“La verdad tiene estructura de ficción”
Jean Jacques Lacan
El primer gran obstáculo al
cual nos enfrentamos en la escritura es el propio perfeccionismo. Terminar una
obra es nuestra primera gran hazaña literaria. Puesto que somos prisioneros del
eterno cuarto oscuro que es nuestra mente, escribir añade una vertiente
adicional al lugar común de que crear significa ordenar el caos. A tientas
otorgamos un lugar a los objetos que son nuestras ideas y, por la falta de luz,
desconocemos en qué parte del proceso estamos: si hemos deshecho el principio o
ya hemos trascendido la mitad.

Terminar un libro es como matar
a un dragón. Aquí insinúo otro lugar común: escribir es exorcizar demonios. Si
el animal fantástico que ha dejado sus huellas por casi todas las culturas del
mundo es símbolo (al menos en Occidente) del mal y la escritura nos enfrenta a
nuestros temores, el manuscrito final es el lugar donde se han vencido o, al
menos, mantenido a raya las inseguridades que alimentan nuestro perfeccionismo.

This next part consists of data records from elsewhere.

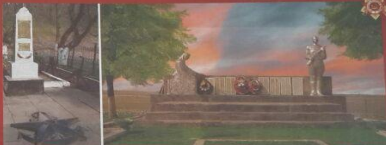
Памятник героическим защитникам Суражского уезда. Памятник односельчанам с. Каром, погибшим в годы ВОВ 1941-1945 гг.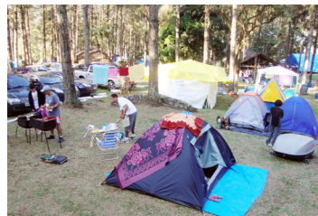
■ Camping da Serrinha

SERRINHA (RJ-06) – Entrada pelo km 311 da Via Dutra. Município de Resende. Tel.: (24) 3381-7042. Instalações– padrão, iluminação elétrica apenas para as dependências, chuveiros quentes, quadra de esportes, play-ground, sauna rústica, pavilhão de lazer, piscinas naturais, ducha de rio, quiosques e lago. Ponto de energia para carga bateria de trailers. NÃO TEMPORADA: R$ 10,10 mais equipamento de R$ 2,50 até R$ 18,20; TEMPORADA (16/Dez. a 28/Fev.): R$ 15,50 mais equipamento de R$ 3,90 até R$ 24,20.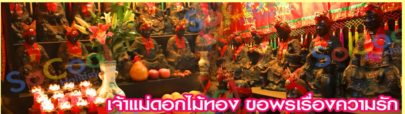
เจ้าแม่ดอกไม้ทอง ขอพรเรื่องความรัก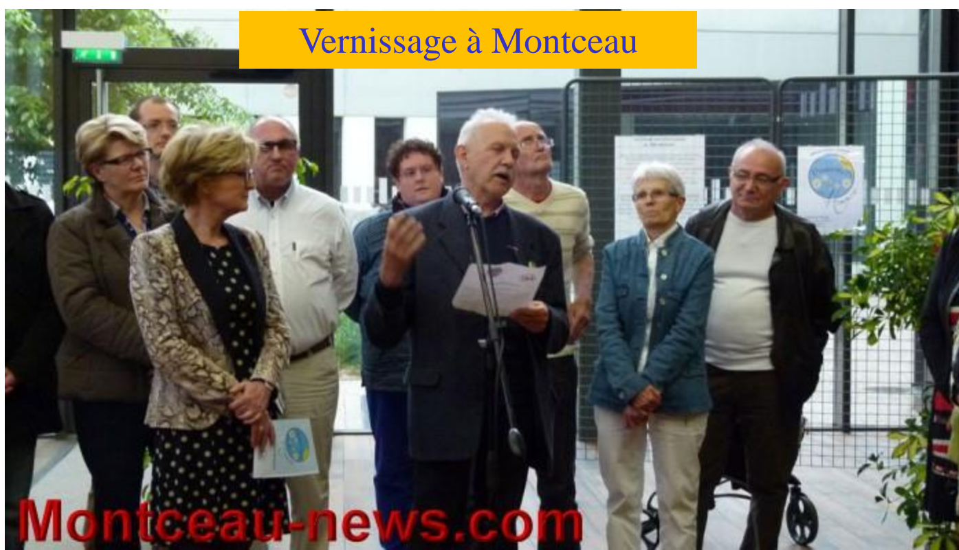
Vernissage à Montceau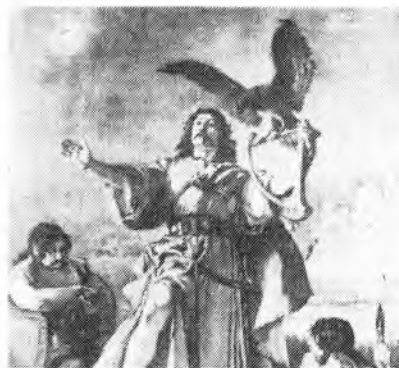
Titulní strana publikace Divadelní opony a sály v Žarošicích.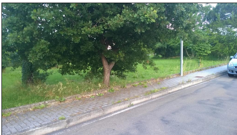
Figura 4 Vista da Via Giovanni Falcone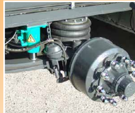
Stabilizzatori idraulici posteriori Hydraulic rear stabilizer cylinders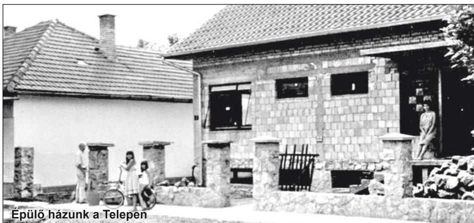
Épülő házuk a Telepen

EZZEL EGYIDEJŰLEG MUNKAHELYEMEN, a oktatóközpontban teljes emberként igyekeztem helytállni. Talán nem hangzik hősködének vagy öndicséretnek, de gondolom, hogy munkahelyemen sokan ismertek és szerettek, mert a rám bízott feladatokat emberileg és szakmailag mindenkor tisztességesen elvégeztem, ha kellett, még ebédidőben is rendelkezésre álltam. Ehhez még egy kis móka, hülyéskedés is társult.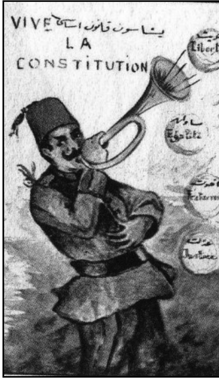
Meşrutiyetin ilanı Yaşasın Kanun-u Esasi Hürriyet Uhuvvet Musavat (Kaynak: Gülsoy, 2000)

işliyorlardı. Konuyu teyit bağlamında, döneme ait eserlerde çok açık beyanlara rastlamak mümkündür (Aydoğan ve Eyüboğlu, 2004:144-147; Talat Paşa, 2003:49-56).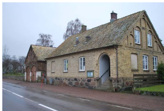
Fd prästgården, numera församlingsexpedition och förskola. Fd kommunhus intill kyrkogården.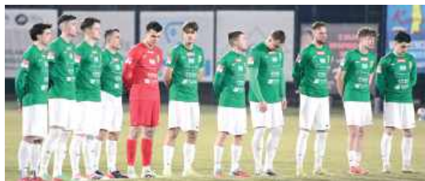
To kolejny mecz, w którym Podlasie wygrywało różnicą dwóch goli i nie potrafiło utrzymać przewagi

Podopieczni Oleksiuka nie zwolnili tempa. Kilka minut później Mróz znów znalazł się w świetnej sytuacji, ale tym razem jego strzał zablokował Michał Smoleń. Gospodarze odpowiedzieli dopiero kilka minut później. Groźna akcja Damiana Bawora i Szymona Szłęka zakończyła się mini-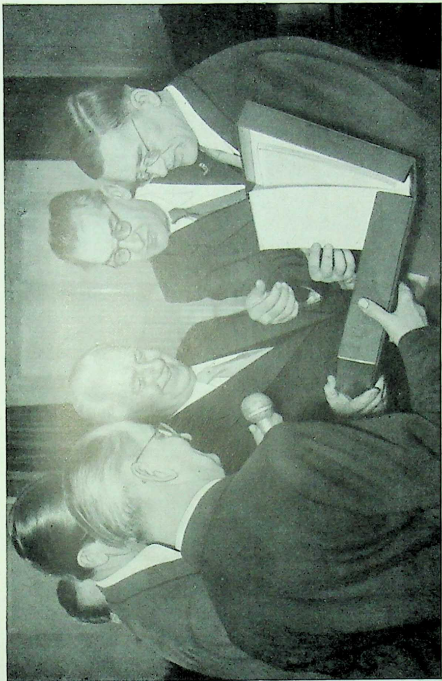
Zum 75. Geburtstag wurden dem Präsidenten Wilhelm Pieck durch Delegationen befreundeter Länder und ausländischer Bruderparteien zahlreiche Geschenke überbracht. Hier überreicht die polnische Delegation dem Präsidenten eine Kassette mit Originaldokumenten aus dem heroischen Kampf der Kommunistischen Partei Deutschlands

La misma imagen mitológica del ser que escupe fuego puede extenderse hasta el
ámbito de la lectura. El dragón no existe más que en nuestra imaginación
social, en ese orden que en las obras del psicólogo J. J. Lacan se llama
“simbólico”. Allí se enfrentan la intimidad psíquica de cada quien con la
cultura. La obra es, en consecuencia, el lugar donde, después de pasar por el
tamiz del lenguaje, se encuentran la imaginación del escritor con la del
lector. En esta época de conservacionistas, donde las batallas contra los
dragones ocurren en la realidad virtual, el final del libro es la disipación de
la oscuridad. La del escritor tanto como la del lector.